Personal information
- Full name: Christopher Bernard Tanzey
- Date of birth: 6 March 1957 (age 68)
- Place of birth: Birkenhead, England
- Position(s): Defender, midfielder

Senior career*
- Years: Team / Apps / (Gls)
- Liverpool / 0 / (0)
- Downer Olympic
- Griffith City
- Canberra Strikers (futsal)
- 1989: Tuggeranong United

International career
- 1985: Australia (futsal)

Managerial career
- Canberra City Griffins (youth)
- Downer Olympic
- Canberra Croatia Reserves
- 1990–1991: Canberra City
- 1994–1998: ACT Academy of Sport
- 1999–2000: Australian Institute of Sport
- 1999–2000: Australia Women
- 2003–2005: Belconnen Blue Devils

= Chris Tanzey =

English-Australian footballer and manager

Christopher Bernard Tanzey (born 6 March 1957) is an English-Australian former football player and manager.

==Career==
In his playing career, Tanzey was a professional with Liverpool, playing for the club's reserve side. He then played in Australia for Downer Olympic in the ACT League, and later Griffith City FC and Tuggeranong United. He also played futsal for the Canberra Strikers in Australia's National Indoor Soccer League. He represented Australia at the 1985 FIFUSA Futsal World Cup in Spain. He later coached various teams, including Canberra City Griffins youth, Downer Olympic, Canberra Croatia Reserves and Canberra City, and led football at the ACT Academy of Sport and Australian Institute of Sport.
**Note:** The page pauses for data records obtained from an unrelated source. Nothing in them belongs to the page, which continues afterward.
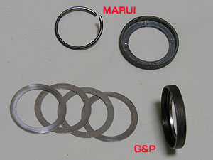 マルイ純正のハイダーワッシャーは写真のようにスプリングと凹みのあるリングで構成される。これが厚みがあり、何とも「もっさり」とした印象を与えてしまう。G&Pも同じ構造で、ハイダー角度調整用のワッシャーが付属するがマルイ同様のためやはりカッコ悪い。
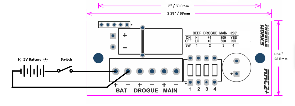 The RRC2+ is designed to be powered by a standard 9-volt alkaline or any 1S or 2S Lithium battery. Batteries must be mounted solidly in a battery box, zip tied, etc. If using a 9V battery clip it is advisable to use several wraps of electrical tape around battery and clip, before securing it to the sled. Always check the battery voltage before installing & before each flight! Even new batteries can be defective and have sub-par voltage.
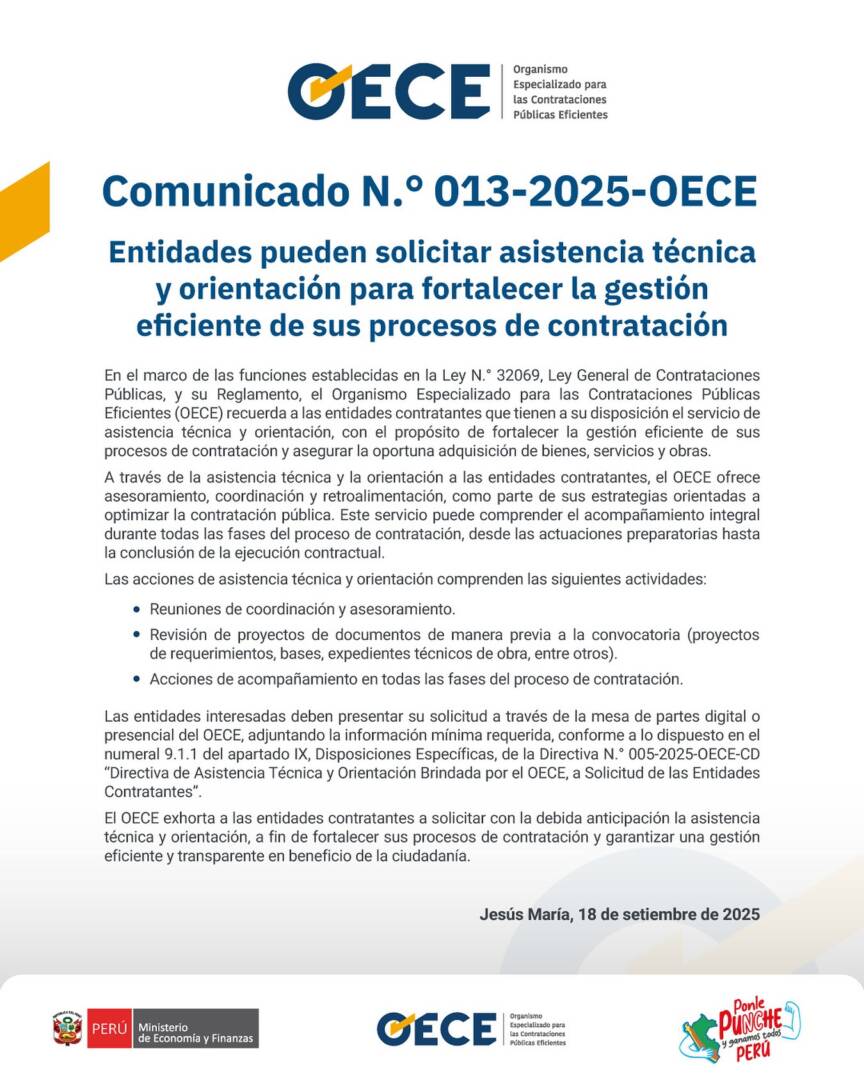 En el marco de las funciones establecidas en la Ley N.° 32069, Ley General de Contrataciones Públicas, y su Reglamento, el Organismo Especializado para las Contrataciones Públicas

After serving as Assistant National Coach for the 1999 Women's World Cup, Tanzey was appointed as National Coach of the Australia women's soccer team just twelve months before the Sydney 2000 Summer Olympics, where they finished 7th. He was also the coach of the Belconnen Blue Devils during the 2003–04 NSW Premier League season, earning the coach of the year award.

==Personal life==
Tanzey is a native of Birkenhead, England, but moved to Australia during his career.